Foi muito depois do curso em Coimbra que iniciei as leituras das obras de Allan Kardec, ele que, ao sistematizar o conhecimento sobre o espiritismo, explica, afinal, como é a realidade que nos envolve e que outras ferramentas (e perspetivas) há para a estudar e compreender. Danah Zohar, uma física americana residente em Oxford, lança uma hipótese relevante sobre o que é a consciência. A autora explica a consciência como uma sobreposição de informação e identidades.
Somos pois, mais do que simples átomos – matéria. A autora apresenta ainda uma explicação sobre a individualidade de cada um e sobre a sua possível ligação a um todo, tal como referia no âmbito do inconsciente coletivo o psicólogo e psiquiatra suíço Carl Gustav Jung. Aquela argumentação vai ao encontro do que é conhecido sobre a individualidade do espírito, bem como sobre a informação detida por cada um, derivada do processo de reencarnação.
Temos assim a física quântica como instrumento conceptual que poderá vir a formular, inclusive matematicamente, sobre sermos uma sobreposição de identidades, de informação. Assim, a ciência ao associar a moderna psicologia com a física põe-se no encalce de novas abordagens que explicam as coisas da alma, e como esta age sobre a matéria. Em suma, de que forma o espírito (instrumento da vontade) e o perispírito (invólucro transportador de informação de vidas passadas) formalizam a individualidade eaação do indivíduo.
Hernâni Guimarães de Andrade na sua obra o “PSI Quântico” vai mais longe ao lançar hipóteses sobre o uso da física quântica como instrumento para desenhar um modelo atómico que justifique a ligação entre a realidade do mundo das partículas materiais e quânticas, com a realidade subjacente ao plano espirituala dita quarta dimensão. Em resumo, a realidade é única. Todavia, os instrumentos que contribuem para a sua compreensão parecem não estar, ainda, totalmente dominados.
Novas hipóteses, em particular aquelas que vão para lá do formalismo materialista da física clássica, dita Newtoniana, indicam que não há as “coisas” da religião e as “coisas” da ciência, mas sim uma realidade única. Essa realidade encerra a existência espiritual e material, e compreende como verdade a premissa de que há uma causa primeira: Deus. Nessa perspetiva, a ação inteligente é fruto de uma vontade igualmente inteligente, a qual concretiza um efeito.

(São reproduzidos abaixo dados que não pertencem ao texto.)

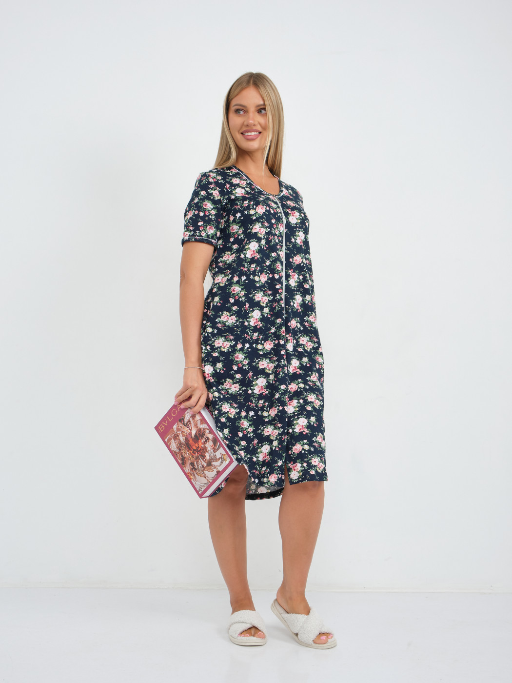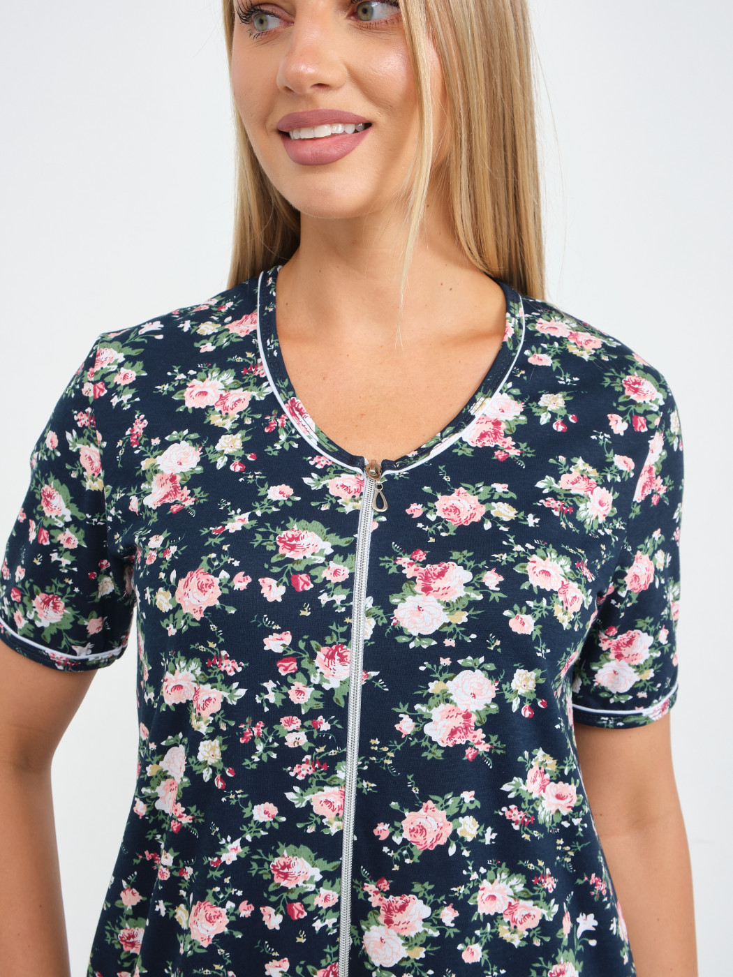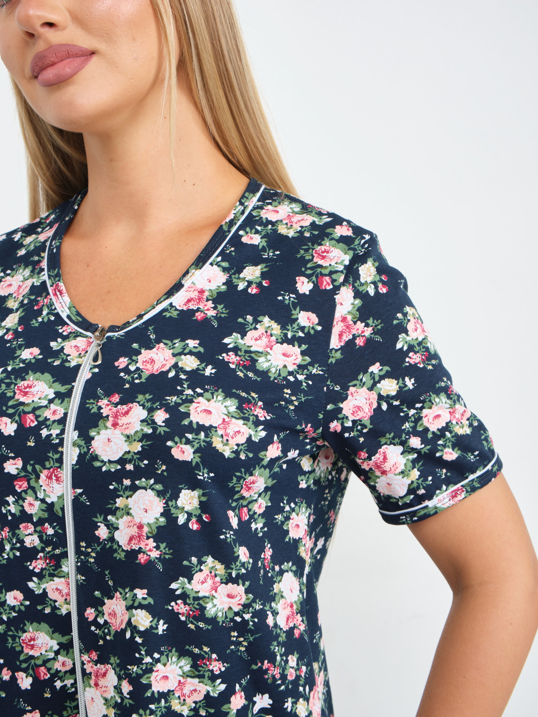 Халат Лотос набивка т.синий/цветы есть в наличии

Todos os efeitos tiveram uma causa relativa a acontecimentos pretéritos. A sobreposição de acontecimentos justifica, inclusive, a sobreposição de memórias que molda a consciência do indivíduo. Novas hipóteses, em particular aquelas que vão para lá do formalismo materialista da física clássica, dita Newtoniana, indicam que não há as “coisas” da religião e as “coisas” da ciência, mas sim uma realidade única. Sim, tudo isto soa a estranho, mas Carlos Fiolhais sabe, por exemplo, que a química também o era até ser compreendida como parte integrante das leis da natureza.
Aqueles que faziam graçolas sobre a alquimia da altura vieram a compreender que a realidade se explica para lá do senso comum. Compreendemos que se tem que distinguir os “efeitos” de quem deles faz uso – bem ou mal, da compreensão das suas causas. A ciência está nas causas que explicam os efeitos, mas também no conhecimento que explica ambos. Sem o uso da razão pode sobressair o que o senso comum dá a perceber, ou por vezes a ignorância, a graçola – porque nos firma na zona de conforto.
O que o Espiritismo revela não seria nada de extraordinário se a nossa agilidade de pensamento e de herança sociocultural não nos retivesse – por aparente segurança, nesta zona de conforto.